UNITED NATIONS (Reuters) – The U.N. Security Council will meet next week to discuss Kenya’s request to postpone International Criminal Court cases related to Kenyan post-election violence, China’s U.N. envoy said on Friday.

But Security Council diplomats said it was unlikely the 15-nation body would agree to a deferral of the ICC process.

In December, ICC chief prosecutor Luis Moreno-Ocampo named senior politicians and a former police chief among six people suspected of orchestrating violence that followed the disputed 2007 presidential election. All six were summoned on Tuesday to appear before the ICC on April 7 for an initial appearance.

Chinese Ambassador Li Baodong, president of the Security Council this month, said Kenya had asked for a meeting to discuss the ICC cases. The council has agreed to meet informally with the Kenyans, he said.

“The council … decided to have an interactive dialogue next Wednesday afternoon,” Li told reporters. “The Kenyan side and also a representative of the AU (African Union) will participate in the consultations.”

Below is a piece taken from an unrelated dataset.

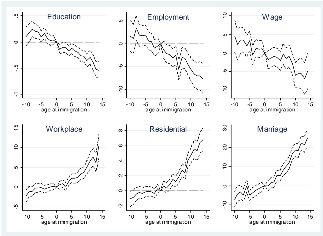
Figure B 1 Semi-parametric OLS-estimates

Notes: Results corresponding to those presented in Figure 1, but estimated using the alternative approach described in section 5.

President Mwai Kibaki plans to ask the council to defer the trials for a year and then have the cases heard in Nairobi, a plan backed by the African Union but opposed by Prime Minister Raila Odinga, who wants ICC trials.

Diplomats on the council, however, said Kenya had little support for a move to halt the ICC process.

“We’re happy to meet with the Kenyans and discuss it with them,” a Western diplomat said. “But I don’t know of a single council member who actively supports the idea of a deferral.”

The United States, Britain, France — all permanent veto-wielding council members — are among those that oppose deferring the proceedings, envoys said.

The Security Council cannot halt ICC proceedings though it has the power to suspend them for up to 12 months. It would be up to The Hague-based ICC, not the Security Council, to decide whether Kenya would be able to credibly prosecute those suspected of being behind the clashes.

More than 1,220 people died and 350,000 were displaced in the violence, severely denting Kenya’s reputation for stability in a turbulent region.

In the peace deal that Kibaki and Odinga signed to end the fighting, they agreed that perpetrators of the violence would face justice. A commission of inquiry was formed to investigate the violence and recommended those behind it should be tried in Kenya or The Hague.

Kenyan lawmakers blocked moves to set up a local tribunal to try the suspects. The matter was referred to the ICC, which gave Kenya time to set up a tribunal but took up the cases when the country failed to do so.

Prominent among the six suspects are Finance Minister and Deputy Prime Minister Uhuru Kenyatta, son of Kenya’s founding father Jomo Kenyatta, and William Ruto, the Higher Education Minister who has been suspended to fight a corruption case.

The six suspects say they will obey the court summons.